General Advice For the Application Process

  • Make sure your application is well organized, has been proofread, and that you have eliminated all typos and grammatical errors. First impressions DO count.
  • Never underestimate the positive impact of sending in your application early or the negative one of having it arrive at the last minute. Many schools view "last-minute" applicants as being uncertain that they really want to apply. As a result, last-minute applications may hurt your chance of acceptance.
  • Under no circumstances should you leave the "Personal Comments" (Essay) part of the application vacant. Doing so makes you appear to be lazy or, even worse, that you have nothing to write about.
  • Be sure that you get someone (e.g. Premed Office personnel) to proof your application.

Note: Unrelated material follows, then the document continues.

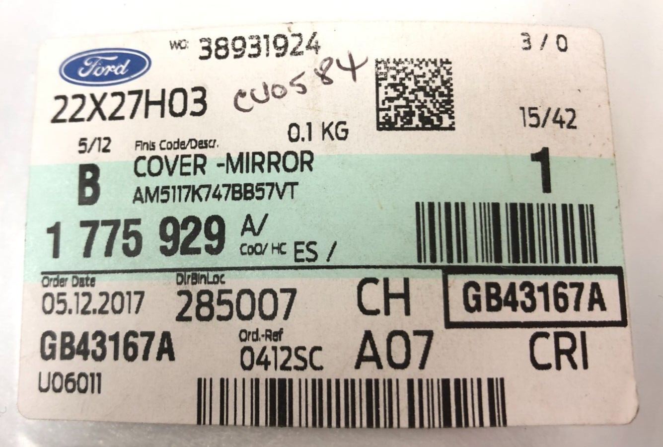 Genuine Ford C-Max CEU / CB7 LH Mirror Housing Cover (In Frozen White) 1775929Ford Part No :1775929Supersession...
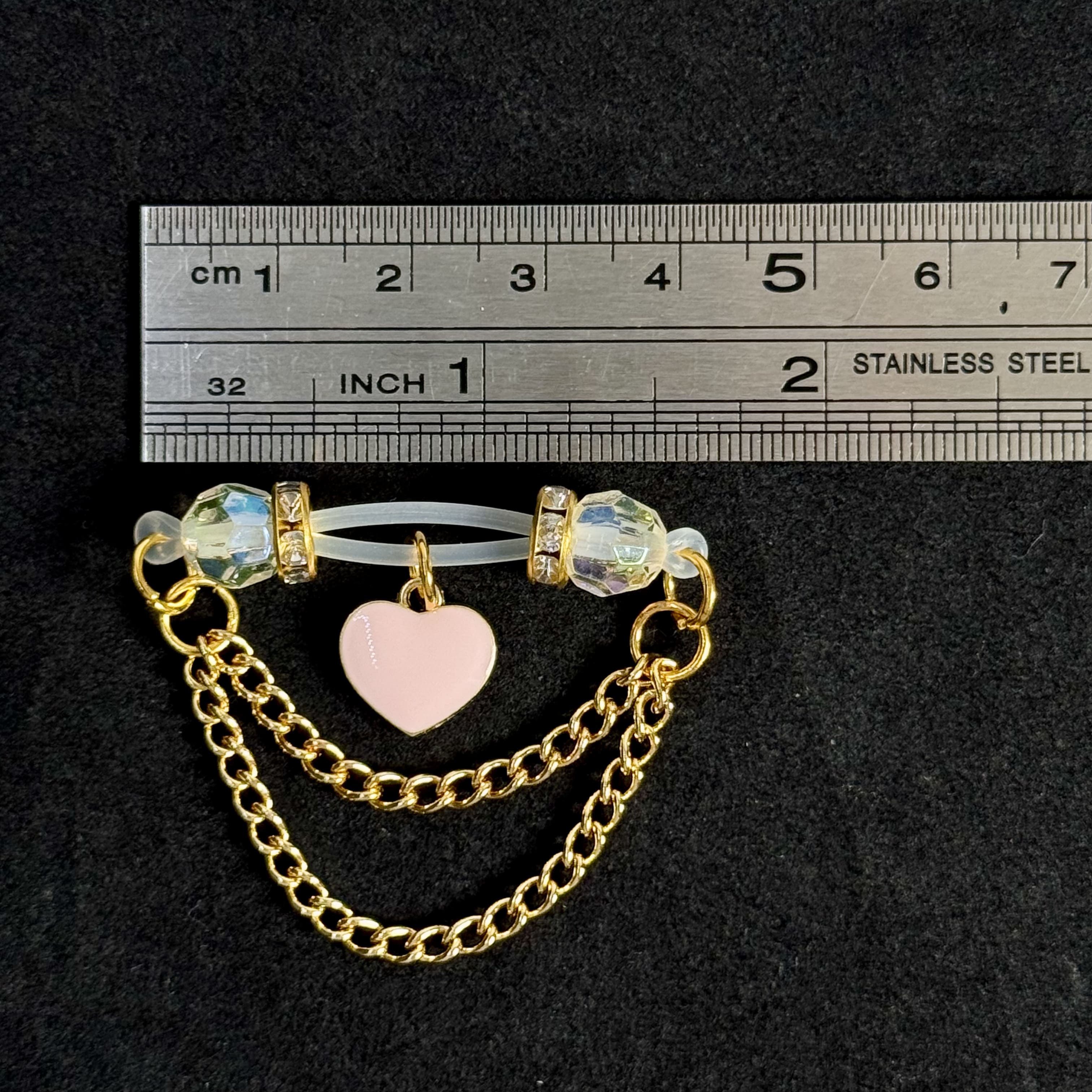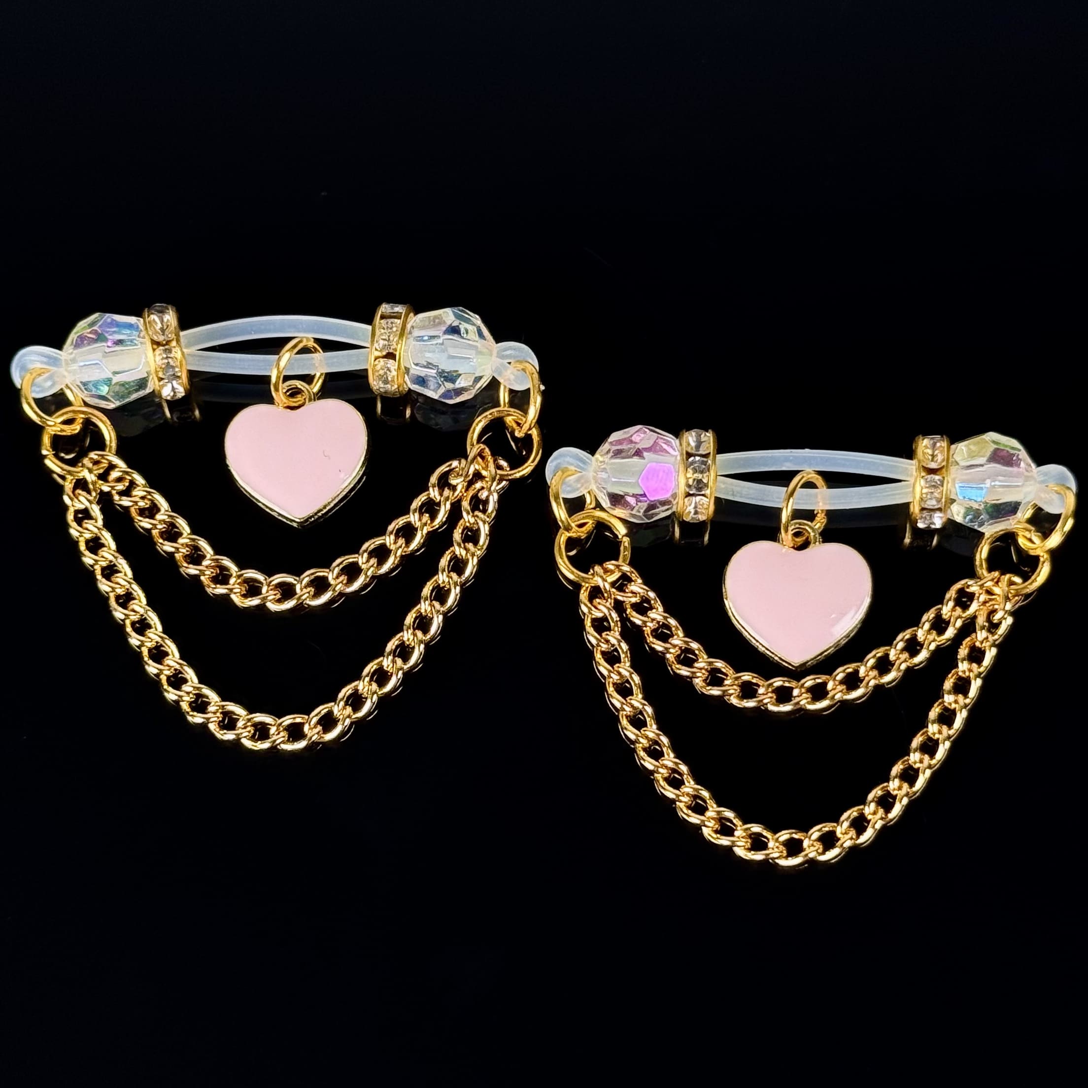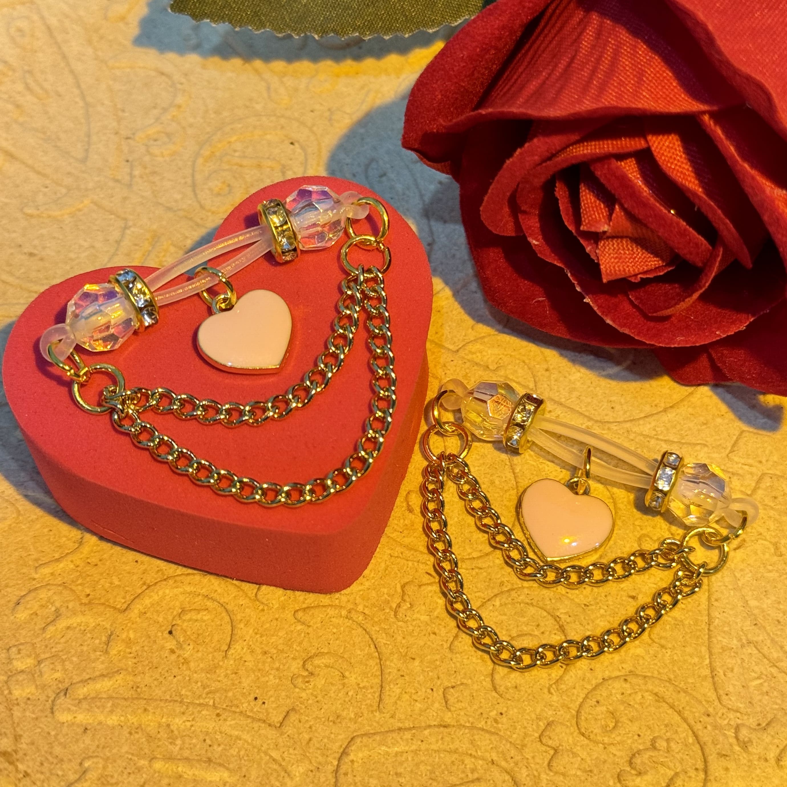 These elegant nipple clips feature a pink heart-shaped pendant and a gold chain. The adjustable tightness provides a gentle hold, ensuring comfortable wear and a stylish, sophisticated look, allowing you to wear them with confidence and comfort.

Typos or grammatical mistakes hurt you.
  • It may be that you find it necessary to telephone or email one or more of the schools during the application process. If so, make certain that you immediately keep records of everyone you communicated with, when you communicated with them, and what was discussed.
  • Do like your mama taught you--send thank you notes to anyone you stay with on interviews, persons who wrote evaluations when you get your first acceptance, etc. You may need them again.
  • If you know exactly which school you wish to attend and have good grades/MCAT scores, you should check in Medical Admission Requirements to see if the school has "Early Decision" option.
  • BAD CREDIT CAN HURT YOUR APPLICATION/CHANCES OF GAINING ENTRY: In recent years, medical, dental, etc. schools have indicated that applicant credit history may be factored into the application review process. Why? Because bad credit suggests that you may not be able to meet the financial demands of a professional school education and may deter private and federal lending institutions from approving you for loans to finance your education. Do NOT let bad credit hinder you from realizing your goals....be responsible!!